In response to the devastation the city received an outpouring of private donations and millions of dollars of federal aide. It was able complete a part of its 1949 master plan by clearing the area around the creek and making the floodplain a park. Homes were rebuilt and Rushmore Plaza Civic Center as well as a new high school were constructed.

More Wiki: In 1980 in United States v. Sioux Nation of Indians, the Supreme Court of the United States ruled that the Federal government of the United States had illegally stolen the Black Hills from the Sioux people when the government unilaterally broke the treaty that guaranteed the Black Hills belonged to the Sioux. As a result of this ruling, the federal government offered a financial settlement, but the Lakota Sioux declined on principle: that the theft of their land should not be validated. They still demand the return of the land. The settlement funds accrue interest.[12] This land includes Rapid City, which is by far the largest modern settlement in the Black Hills. As of 2019, the dispute has not been settled.

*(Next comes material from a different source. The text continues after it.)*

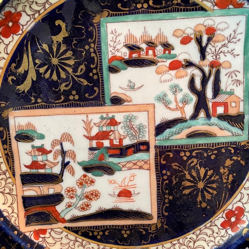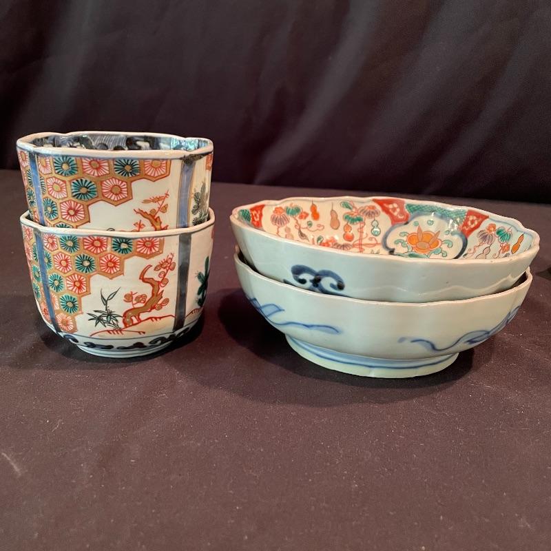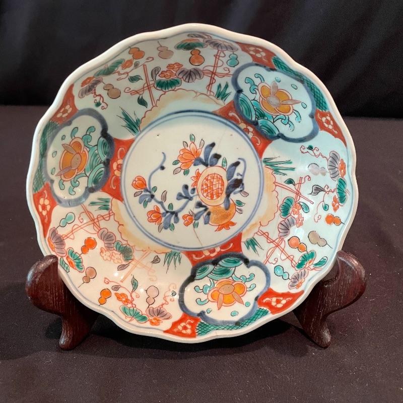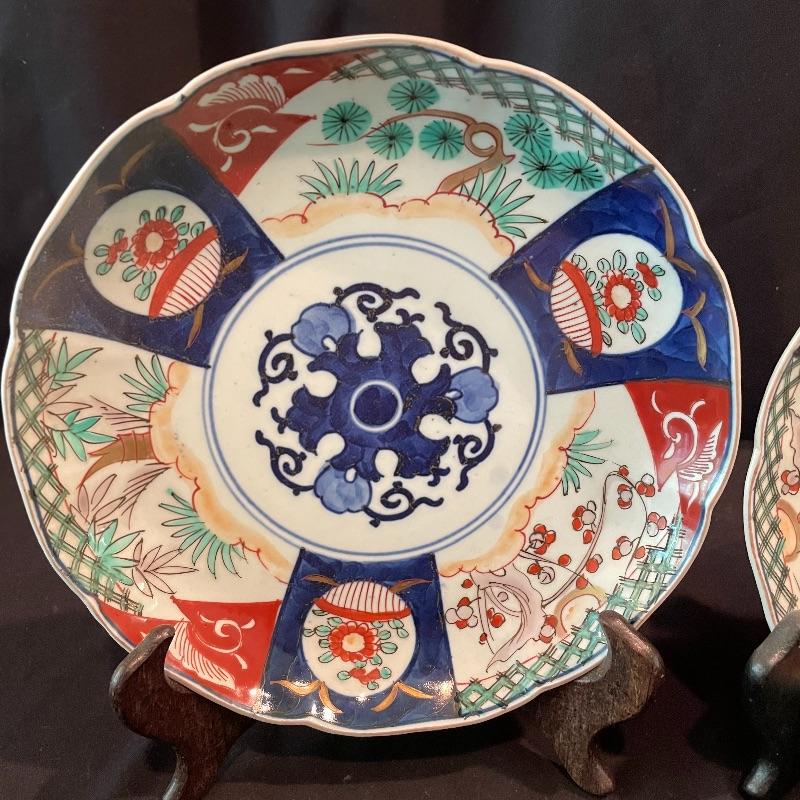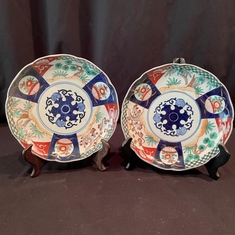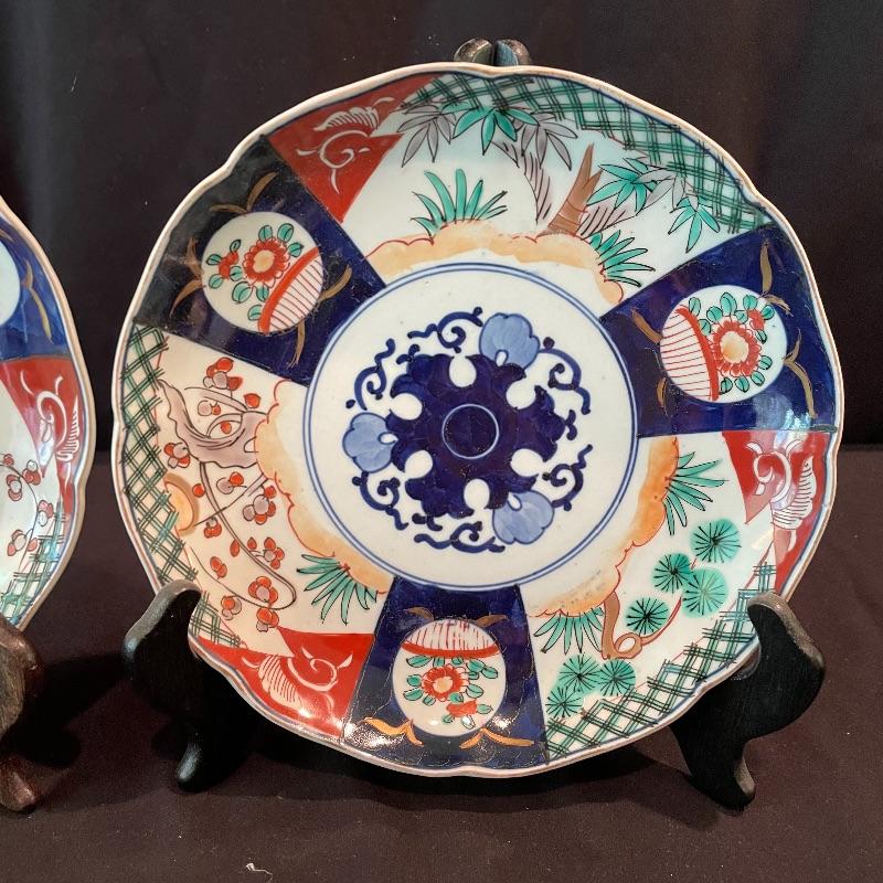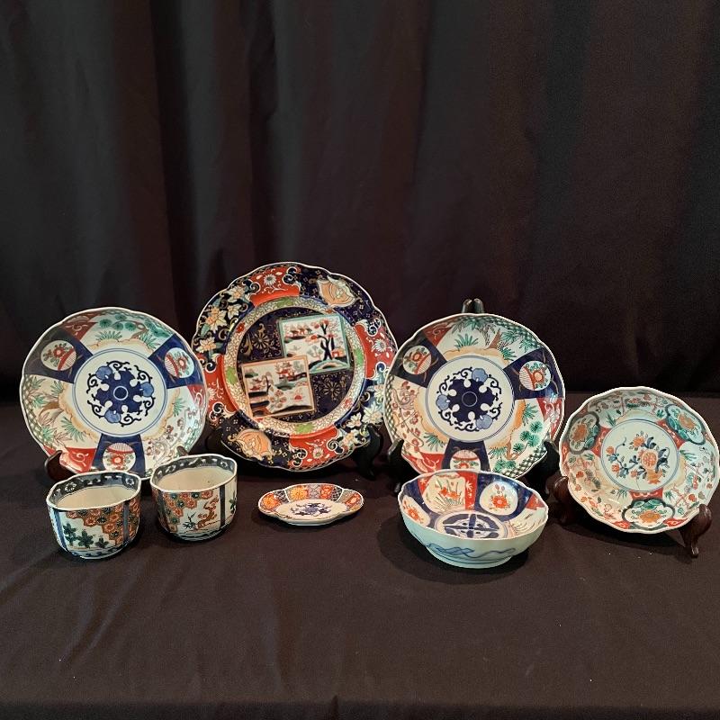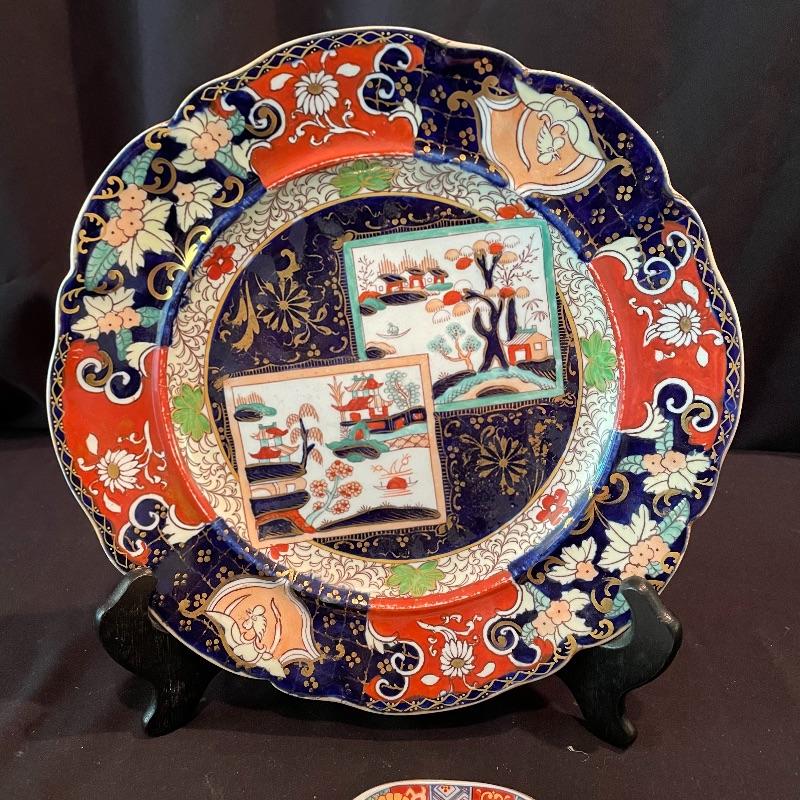 Stunning collection of Imari style plates and bowls. Lot features a Mason Ironstone 10.25” Imari style plate with 1765 on the underside of the plate. Lot offers a matching set of smaller plates, two salad bowls (one has a crack shown in images) and two soup cups. Lastly, a curio sized plate marked Imari, 1991. All wooden stands are included in lot. See images. Shipping available.

In the 1980s, tourism increased again, as the city hosted the annual Sturgis Motorcycle Rally. Places of interest include Dinosaur Park, Hart Ranch, Reptile Gardens, Bear Country USA, Storybook Island, Watiki Waterpark, as well as Canyon Lake Park and the Berlin Wall in Memorial Park. Rapid City is just a short drive to Custer, Custer State Park, Mt. Rushmore, Hill City and numerous lakes that provide water sports, fishing and swimming to boot! Today, Rapid City is South Dakota’s primary city for tourism and recreation. Oh, I forgot to mention Badlands National Park and the infamous Wall Drug Store, located about an hour south of town. Geez, there’s just so much to see and do here…..

The 1880 Train

We took a ride to Hill City (948 souls). We had passed through the town on our way to Rapid City and it’s downtown looked interesting. The town, established in 1876, is the oldest existing city in Pennington County. As mining waned tourism and timber became increasingly important industries. Now a tourist attraction, the 1880 Train carries passengers from Hill City to Keystone on the old Central Line.

From Hill City we completed the loop driving Highway 385 and 44, stopping at two lakes- Sheridan, then Pactola. It’s 9:30 in the morning and both already have a lot of people set up to enjoy this Saturday of Labor Day Weekend. Sheridan Lake had a really nice picnic area on its south shore. Pactola was packed (pun intended) with power boats and pontoon boats, and families with a lot of small children.

We’ve seen more than a few banners, flags and shops in Wyoming and now South Dakota promoting a candidate for the Presidency of the United States. I thought I’d share a couple of photos with y’all so you can ponder which candidate might be most preferred in these two Plains states.

Tomorrow is Labor Day and Get Away Day. We are heading east, weather permitting. Rain in the lower elevations, snow in the upper and the temps are going to drop 50 degrees. Yikes!